A typical run of the prompt above has Claude call query_records (filter alerts by severity = Critical, newest first), then get_record to read it, then create_record on comments with its summary — each step a tool call pyfsr executes against the live appliance. Because dispatch() returns errors as {"error": {...}} data rather than raising, a bad call just comes back as a tool result Claude can read and correct, and the loop keeps going.

Tip

Install the SDK with pip install anthropic. The same loop works against the bundled MCP server or OpenAI’s function calling — only the transport changes, not the registry.

OpenAI function calling¶

from pyfsr.tools import to_openai_tools, dispatch

tools = to_openai_tools()                          # feed to chat.completions
result = dispatch(client, "search_records", {"module": "alerts"})

Bundled MCP server¶

Install the extra and run the server over the tool registry:

pip install "pyfsr[mcp]"
python -m pyfsr.mcp

The server reads FSR_* environment variables (see Authentication) to build its client, and exposes the same registry of tools to any MCP-compatible host.

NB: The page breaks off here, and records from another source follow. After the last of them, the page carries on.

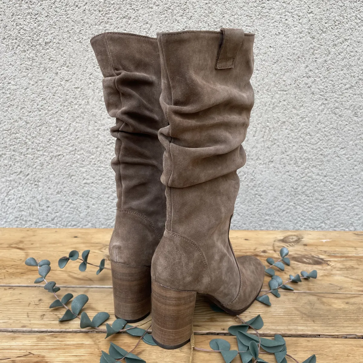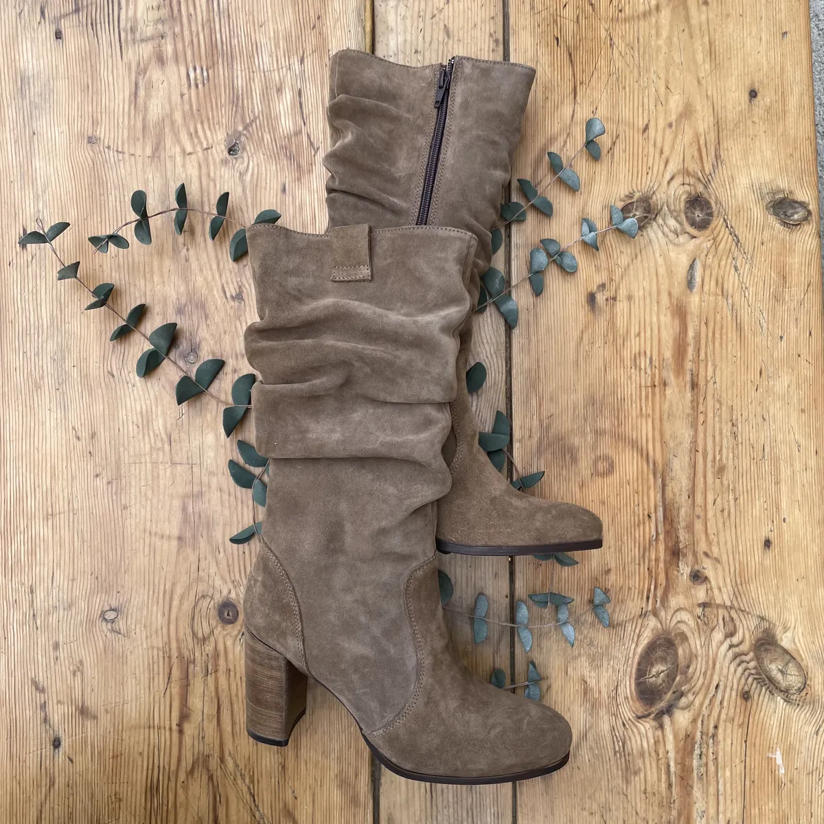 Les bottes ALIWELL ISEN associe féminité et confort avec son nubuck marron clair doux au toucher et son talon de 8cm qui allonge la silhouette tout en restant agréable à porter. Sa fermeture éclair marron foncé parcourt toute la longueur de la botte pour un enfilage facile, tandis que l’effet légèrement froissé du nubuck lui apporte une allure moderne et décontractée. Avec une longueur d’environ 30cm, elle s’adapte aussi bien aux looks citadins chics qu’aux styles plus casual.
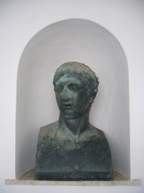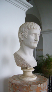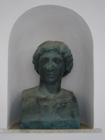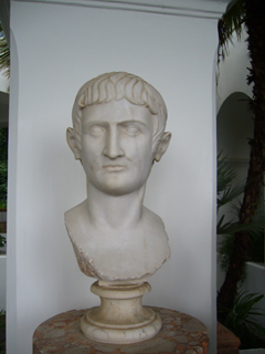 ↓左の写真は、プリマポルタのアウグストゥスのコピー。でも・・・現地の本には、“古代ローマ時代の遺構”とか紹介されてる・・・そりゃまずいでしょう、と思うのですが・・・。ともかく、この像は、このホテルのシンボルですね。カプリから坂道をあがっていくと、この像が眼に飛び込んでくるのです。
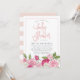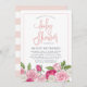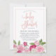 Elegant modern floral baby shower invitation features a bottom border of roses in white, blush and fuchsia pink with lush greenery peeking out. Personalise with your baby shower details in elegant blush and grey-blue typography accented with handwritten style calligraphy. Cards reverse to blush pink and white stripes.
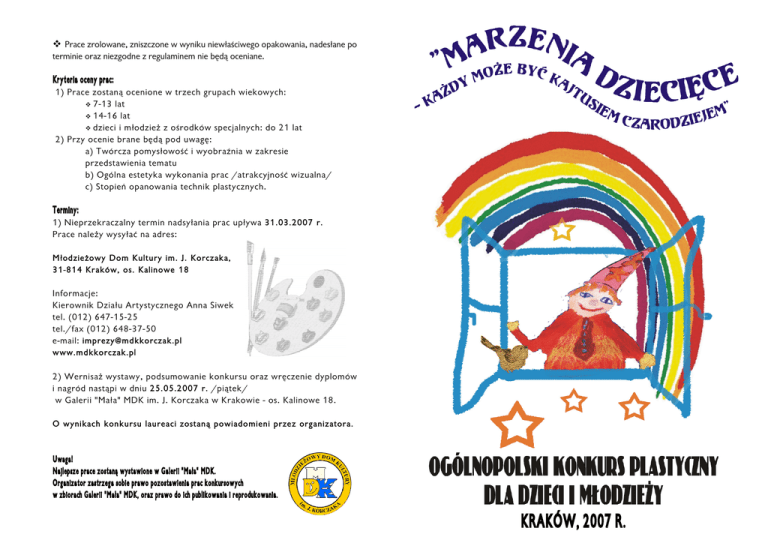 Prace zrolowane, zniszczone w wyniku niew³aœciwego opakowania, nades³ane po terminie oraz niezgodne z regulaminem nie bêd¹ oceniane. Kryteria oceny prac: 1) Prace zostan¹ ocenione w trzech grupach wiekowych: 7-13 lat 14-16 lat dzieci i m³odzie¿ z oœrodków specjalnych: do 21 lat 2) Przy ocenie brane bêd¹ pod uwagê: a) Twórcza pomys³owoœæ i wyobraŸnia w zakresie przedstawienia tematu b) Ogólna estetyka wykonania prac /atrakcyjnoœæ wizualna/ c) Stopieñ opanowania technik plastycznych. Terminy: 1) Nieprzekraczalny termin nadsy³ania prac up³ywa 31.03.2007 r. Prace nale¿y wysy³aæ na adres: M³odzie¿owy Dom Kultury im. J. Korczaka, 31-814 Kraków, os. Kalinowe 18 Informacje: Kierownik Dzia³u Artystycznego Anna Siwek tel. (012) 647-15-25 tel./fax (012) 648-37-50 e-mail: [email protected] www.mdkkorczak.pl 2) Wernisa¿ wystawy, podsumowanie konkursu oraz wrêczenie dyplomów i nagród nast¹pi w dniu 25.05.2007 r. /pi¹tek/ w Galerii "Ma³a" MDK im. J. Korczaka w Krakowie - os. Kalinowe 18. O wynikach konkursu laureaci zostan¹ powiadomieni przez organizatora. Uwaga! Najlepsze prace zostan¹ wystawione w Galerii "Ma³a" MDK. Organizator zastrzega sobie prawo pozostawienia prac konkursowych w zbiorach Galerii "Ma³a" MDK, oraz prawo do ich publikowania i reprodukowania. KRAKÓW, 2007 R. OGÓLNOPOLSKI KONKURS PLASTYCZNY DLA DZIECI I M£ODZIE¯Y "MARZENIA DZIECIÊCE - KA¯DY MO¯E BYÆ KAJTUSIEM CZARODZIEJEM" KRAKÓW, 2007 "Marzenie jest programem ¿ycia. Gdybyœmy je umieli odczytywaæ, wiedzielibyœmy, ¿e marzenia siê spe³niaj¹." J. Korczak /"Jak kochaæ dziecko"/. Drodzy Przyjaciele! Pragniemy przypomnieæ Wam s³owa zachêty Janusza Korczaka, który apelowa³ do dzieci by "górne mia³y marzenia" i wierzy³y, ¿e "coœ zawsze z nich siê stanie". Stary Doktor w wielu swoich ksi¹¿kach pisa³ o znaczeniu marzeñ, wypowiada³ siê na ten temat równie¿ w radio. Uwa¿a³, ¿e marzenia, dobre marzenia mog¹ byæ programem ¿ycia, a kiedy nauczymy siê je odczytywaæ oka¿e siê, ¿e siê spe³niaj¹. Tak te¿ sta³o siê w przypadku Olka i W³adka, bohaterów opowiadania "S³awa ". Zapraszamy Was do "przelania" na papier waszych marzeñ, zilustrowania tego, co podpowiada Wam wyobraŸnia. Marz¹c mo¿ecie "tworzyæ to, co nie istnieje, ale istnieæ mo¿e, ale pragniecie by istnia³o", mo¿ecie poczuæ siê czarodziejami. St¹d nazwa konkursu, do którego Was zapraszamy "Ka¿dy mo¿e byæ Kajtusiem Czarodziejem". Wierzymy, ¿e Wasza bogata wyobraŸnia plastyczna oraz nieograniczone mo¿liwoœci twórcze pozwol¹ na zaprezentowanie na wystawie barwnych marzeñ i postaci ze œwiata bajek Korczaka oraz ca³ego bogactwa treœci zawartych w twórczoœci tego niezwyk³ego pisarza. Czekamy na Wasze prace. Organizatorzy Regulamin konkursu Organizator: M³odzie¿owy Dom Kultury im. J. Korczaka w Krakowie Wspó³organizator: Stowarzyszenie im. J. Korczaka w Krakowie Cele konkursu: Konfrontacja dzieciêcej i m³odzie¿owej twórczoœci plastycznej Zainteresowanie dzieci i m³odzie¿y twórczoœci¹ literack¹ Janusza Korczaka Odwo³anie siê do nieprzemijaj¹cych wartoœci i idei tkwi¹cych w dzie³ach i systemie wychowawczym Janusza Korczaka Pobudzanie aktywnoœci twórczej m³odych plastyków Wymiana doœwiadczeñ i poszerzenie wiedzy z zakresu ró¿nych technik plastycznych Formy prezentacji oraz warunki uczestnictwa: Uczestnikami konkursu mog¹ byæ dzieci i m³odzie¿ w wieku 7-16 lat /dzieci i m³odzie¿ z oœrodków specjalnych: do 21 lat/ Uczestnicy wykonuj¹ prace w dowolnych technikach malarskich /bez rysunku, rzeŸby i form przestrzennych/: - malarstwo /tempera, kolorowe tusze, farby olejne, akwarele , pastele olejne i suche, kola¿/ - batik, malarstwo na tkaninie - malarstwo na szkle, witra¿ - grafika /linoryt, drzeworyt, monotypia/ - nowatorskie techniki plastyczne i techniki ³¹czone Format prac dowolny /minimalny A-3/. Ka¿da praca mo¿e zostaæ oprawiona w kartonowe passe-partout. Prace powinny byæ szczegó³owo i czytelnie opisane /pismem drukowanym/ zgodnie z za³¹czonym wzorem. Tabelkê nale¿y trwale przykleiæ na odwrocie pracy. W przypadku wysy³ki wiêkszej iloœci prac prosimy o do³¹czenie zbiorczej listy uczestników i ich prac /wzór w za³¹czeniu/. Maksymalna iloœæ prac z jednej placówki: 30, od uczestnika indywidualnego: 3. Prace uczestnik wykonuje samodzielnie - nie zbiorowo.

Two MCP servers: pyfsr vs fsr_playbooks¶

pyfsr ships the runtime/admin MCP server (this one); the separate fsr_playbooks package ships the playbook-authoring MCP server (python -m fsr_playbooks.mcp_server or fsrpb mcp). They share the same FSR_* environment (fsr_playbooks builds its FortiSOAR client from the same vars), so point both at one appliance. An agent that must create modules, configure connectors, run connector actions, and build playbooks uses both:

Task	Server	Tool(s)
Create custom modules	pyfsr	`create_module` → `publish` (grant RBAC via `grant_to`)
Configure connectors	pyfsr	`default_connector_config` → `validate_connector_config` → `upsert_connector_configuration`
Run connector actions	pyfsr	`run_connector_operation` (fsr_playbooks’ `run_op` is the richer, safety-gated variant for authoring)
Build playbooks	fsr_playbooks	`compile_yaml` → `validate_yaml` → `push_playbook` → `dry_run_playbook`; debug with `why_did_playbook_fail`, `step_test`
Trigger & verify a run	pyfsr	create a triggering record → `wait_for_playbook_run` → `why_playbook_failed`

pyfsr owns discovery, record CRUD, module admin, connector config, connector run, and playbook run inspection/debugging. fsr_playbooks owns the playbook DSL — compile/validate/push/dry-run, step-type and connector-op discovery (get_step_type, get_op_schema, find_operation), single-step step_test, and recipes. The two don’t overlap on the four tasks, so running both gives an agent the full create-configure-run-build loop with no gaps.